#### RECORDED DATA:
----

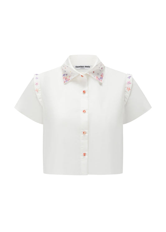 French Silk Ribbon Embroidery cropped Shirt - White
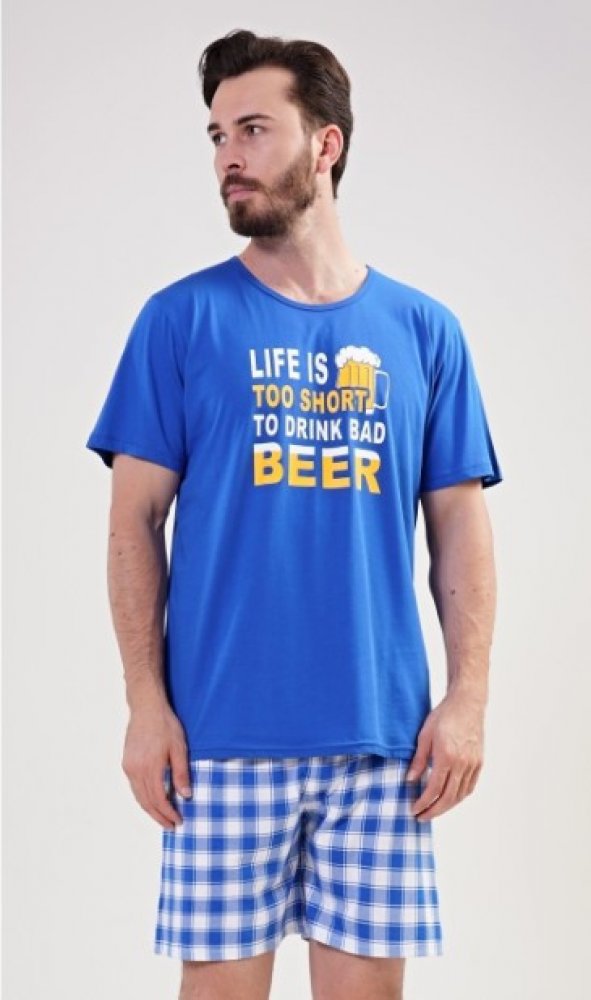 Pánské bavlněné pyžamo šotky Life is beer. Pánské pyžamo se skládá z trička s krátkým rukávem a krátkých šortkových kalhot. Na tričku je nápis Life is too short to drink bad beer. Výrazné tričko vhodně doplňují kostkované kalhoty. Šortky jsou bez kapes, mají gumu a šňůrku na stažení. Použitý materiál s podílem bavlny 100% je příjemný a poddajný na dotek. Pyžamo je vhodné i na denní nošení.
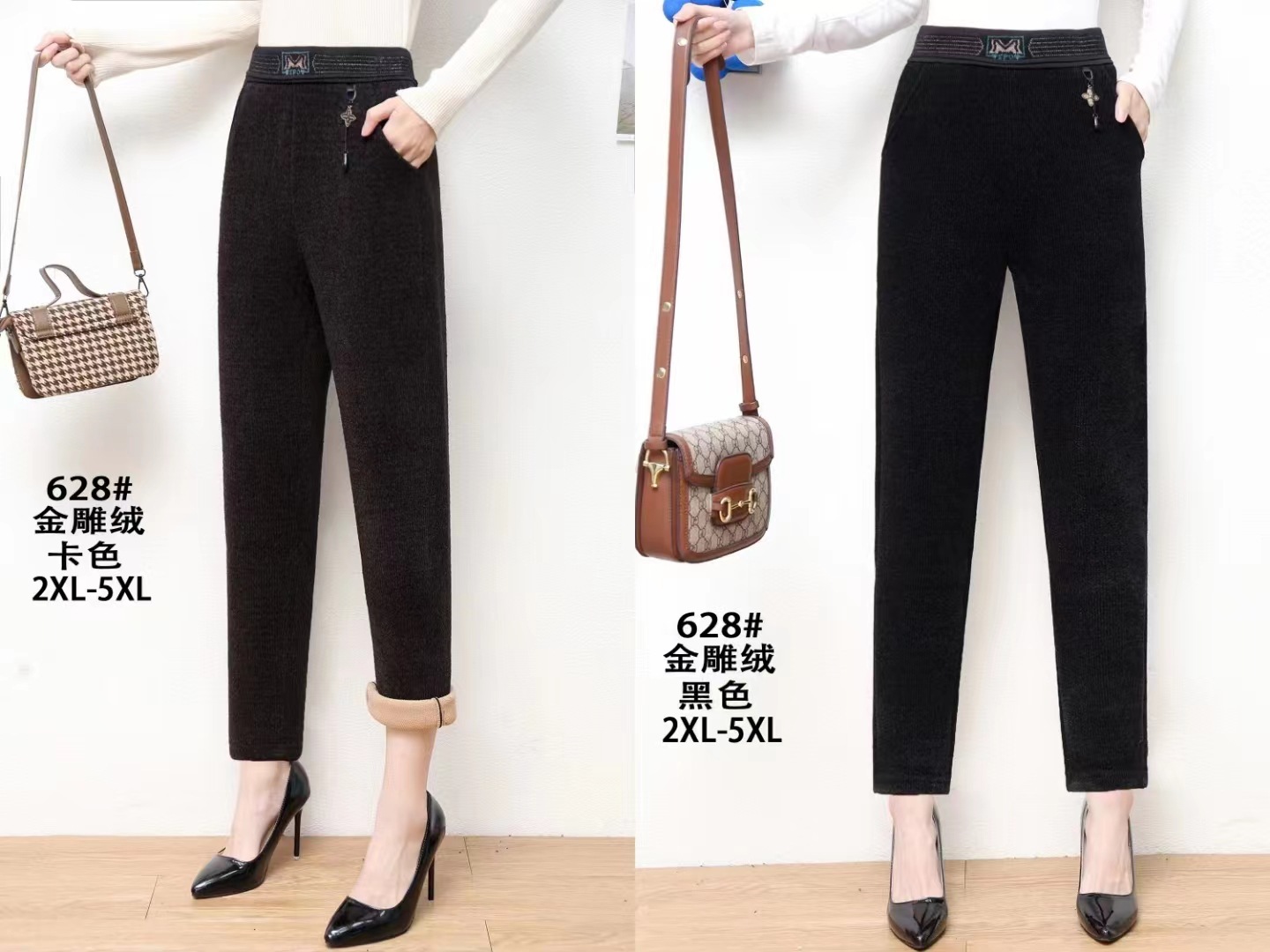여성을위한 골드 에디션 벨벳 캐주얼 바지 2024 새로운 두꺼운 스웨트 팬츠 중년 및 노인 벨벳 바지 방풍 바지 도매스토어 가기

----

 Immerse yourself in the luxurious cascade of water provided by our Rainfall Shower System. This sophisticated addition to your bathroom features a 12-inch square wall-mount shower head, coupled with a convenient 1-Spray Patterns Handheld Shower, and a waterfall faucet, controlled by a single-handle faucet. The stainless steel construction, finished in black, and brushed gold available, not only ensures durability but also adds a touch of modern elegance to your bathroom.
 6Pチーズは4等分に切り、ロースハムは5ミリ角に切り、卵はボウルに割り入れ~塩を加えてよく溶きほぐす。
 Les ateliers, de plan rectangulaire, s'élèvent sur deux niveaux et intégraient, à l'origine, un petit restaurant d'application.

----

#### EXERCISE GOAL:
Output only the lines above from the one containing "French Silk Ribbon" to the one containing "Pánské bavlněné pyžamo", both included, exactly as written and with no pictures.

#### EXERCISE RESULT:
 French Silk Ribbon Embroidery cropped Shirt - White
 Pánské bavlněné pyžamo šotky Life is beer. Pánské pyžamo se skládá z trička s krátkým rukávem a krátkých šortkových kalhot. Na tričku je nápis Life is too short to drink bad beer. Výrazné tričko vhodně doplňují kostkované kalhoty. Šortky jsou bez kapes, mají gumu a šňůrku na stažení. Použitý materiál s podílem bavlny 100% je příjemný a poddajný na dotek. Pyžamo je vhodné i na denní nošení.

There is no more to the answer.